S4035: if the position of the data block is smaller than the recorded min-uncommitted-offset, the data synchronization task reassigns the initial value of the min-uncommitted-offset, and the S4031 is returned;

S4036: the data synchronization task sends the data corresponding to the transaction in the transaction cache to the data cache;

s4037: the data synchronization task deletes the start site corresponding to the transaction from the uncommitted-offset set and updates min-uncommitted-offset to the minimum value of the remaining elements in the set. Returning to S4031;

S4038: the data synchronization task writes the data block into the transaction cache, returning to S4031.

S404: and writing the data read from the source database into a cache, and recording the maximum 'position' of one batch of data as 'reading progress' after each batch of data is written.

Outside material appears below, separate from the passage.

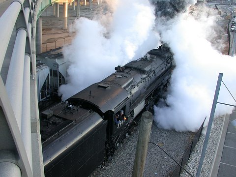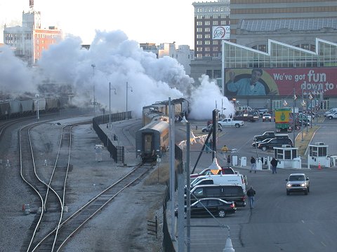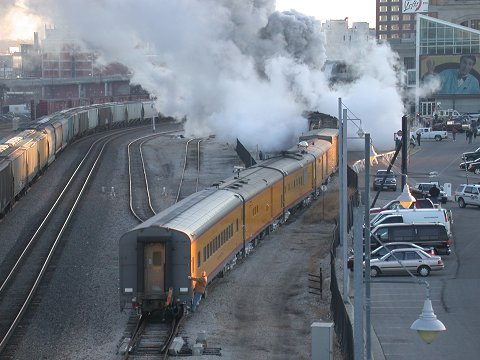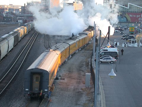 After sitting overnight, 3985 begins the trip to St. Louis, MO Union Station

S405: and reading data from the cache, writing the read data into a target database, and recording the maximum 'position' and the maximum 'cache offset' of one batch of data after each batch of data is written, wherein the maximum 'position' and the maximum 'cache offset' are used as 'writing progress'.

S406: and saving the reading progress and the writing progress to the persistent storage.

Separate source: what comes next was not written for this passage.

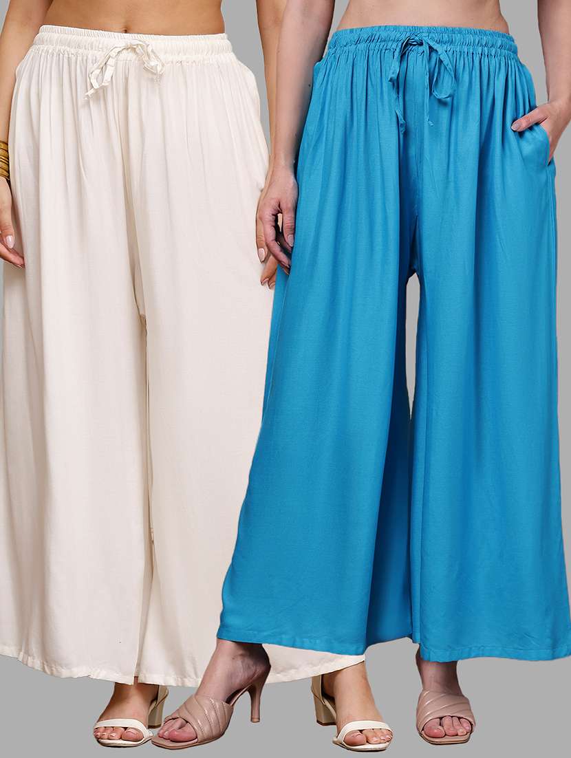 - » women pack of 2 solid high rise flared palazzo
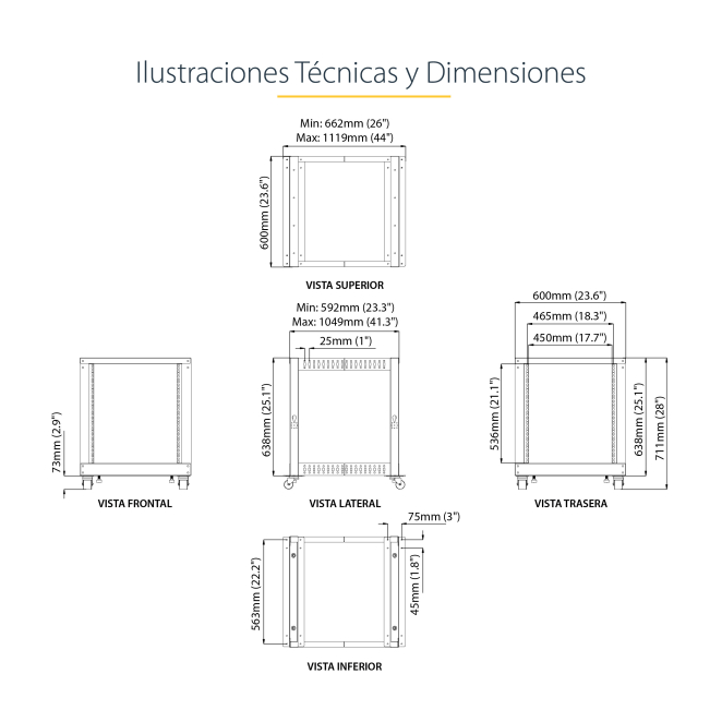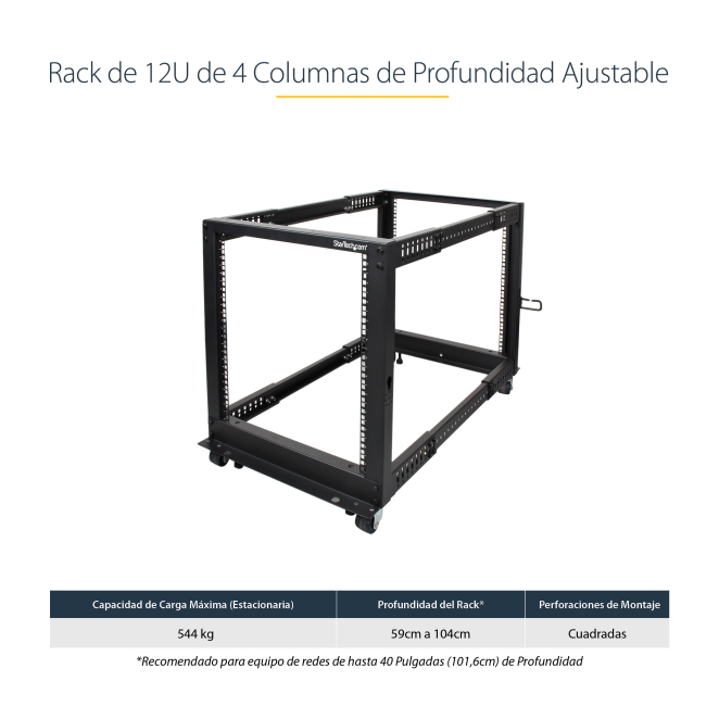 Flexibilidad y ajuste: La posibilidad de ajustar la profundidad de montaje entre 22″ y 40″ permite adaptar el rack a distintos equipos.

S407: and synchronizing the persistent storage data of the main running environment into the persistent storage of the disaster recovery environment.

S408: when the security recovery site is determined to be data-offset, the data is read from the cache using the data-offset as a read start point, and the site information of the data is recorded, and the process goes to S405.

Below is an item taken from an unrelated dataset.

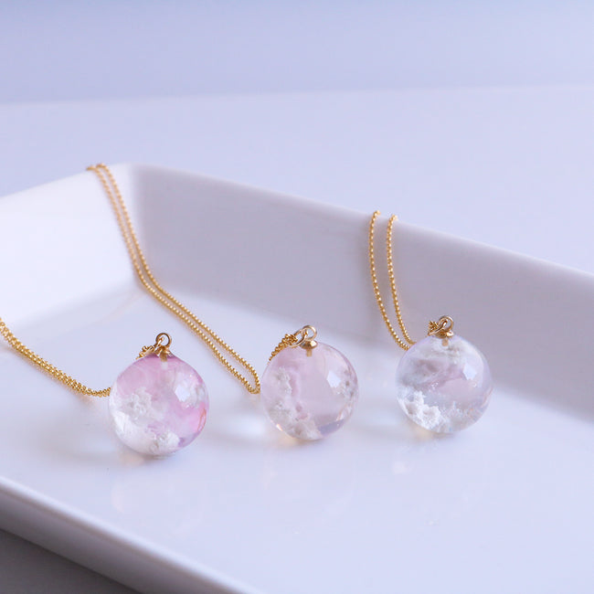 Inspired by sakura and spring colors! Pendant size: 16mm.Chain Length: 45cm + 5cm adjuster Material: High quality UV resin, 16k Gold Plated This is a B grade item. The coating didn't go well, leaving the orb quite asymmetrical, especially at...

As can be appreciated, S401: initializing site information and starting a data synchronization task.

And initializing task configuration information and site information from the persistent storage, and starting a data synchronization task.

The task configuration information at least comprises: the method comprises the steps of a task reading source database, a written target database, a mapping relation of tables and fields, processing parallelism, speed limit, write batch size, error data processing strategy and log recording strategy.

After the data synchronization task is started, the data of the source database is read according to the initialization site information. Under the acquisition mode based on inquiry, the site information is embodied as a reading value of an incremental expression, for example, the maximum value of the update time of the last batch of data, and then inquiry sentences are constructed to acquire the incremental data from the last reading to the current reading; in a log-based parsing collection, the site information is embodied as a value representing the progress of the log, such as a global transaction identifier (Global Transaction Identifier, GTID) of MySQL, a system change Number (SYSTEM CHANGE Number, SCN) of Oracle, etc. Meanwhile, if there is an uncommitted transaction in the log, the location information includes a "minimum uncommitted location" (min-uncommitted-offset) and a "location corresponding to data offset" (data-offset). When the method is used in disaster recovery scenes, a safe recovery site can be determined from the disaster recovery sites when disaster recovery switching occurs, so that safe recovery of data is ensured, and data loss is avoided. If there are no uncommitted transactions in the log, min-uncommitted-offset may be empty; the latter is the actual data offset for the data in the log. When the data synchronization task is judged and the reading progress is not required to be recovered from the min-uncommitted-offset, the data is directly recovered from the data-offset recorded in the log as a reading starting point, and repeated reading of the data is reduced.

Where location information is typically added as a fixed field to each piece of data and written to persistent storage during subsequent processing. If the control message mode is adopted, the control message containing the site information is independently sent according to a certain time/number interval, so that the data volume of the write-in persistent storage is reduced.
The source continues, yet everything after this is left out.